On 04/07/2014 05:35 AM, Hannes Röst wrote:
== Template parser ==
https://github.com/hroest/pywikibot-compat/tree/feature/template_parser
For one bot project on the German Wikipedia I had to parse rather complex templates and replace specific fields. The templates would contain nested templates, math formulas and references inside. I thus wrote a template parser which would parse these templates and return them as key-value pairs which would make it easy to query specific keys and replace their values. The code worked well on several thousand templates of the German chemistry project and should be rather straightforward to use.
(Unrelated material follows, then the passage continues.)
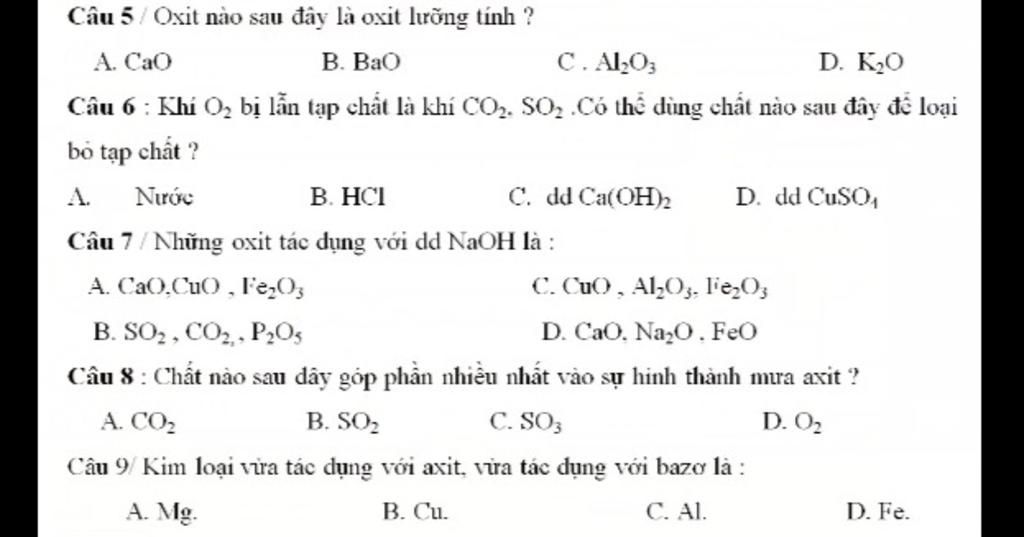 Câu 5/ Oxit nào sau đây là oxit lưỡng tính ?

This is library code, so there is no bot associated with it, see templateparser.py and tests/test_templateparser.py
In order to correctly handle nesting and properly differentiate equal signs belonging to key-value pairs from those in mathematical formulas etc, I also had to write a partial wikimedia syntax parser which would recognize such syntax in wikitext. This code is in textrange_parser.py and allows to extract specific parts of a text (e.g. wikitables, templates, wikilinks, weblinks), tests are in tests/test_textrange_parser.py
Have you looked into using mwparserfromhell[1]? It's a true parser which even has C speedups. Support for it is already in pywikibot, it's just not turned on by default.
[1] https://github.com/earwig/mwparserfromhell
-- Legoktm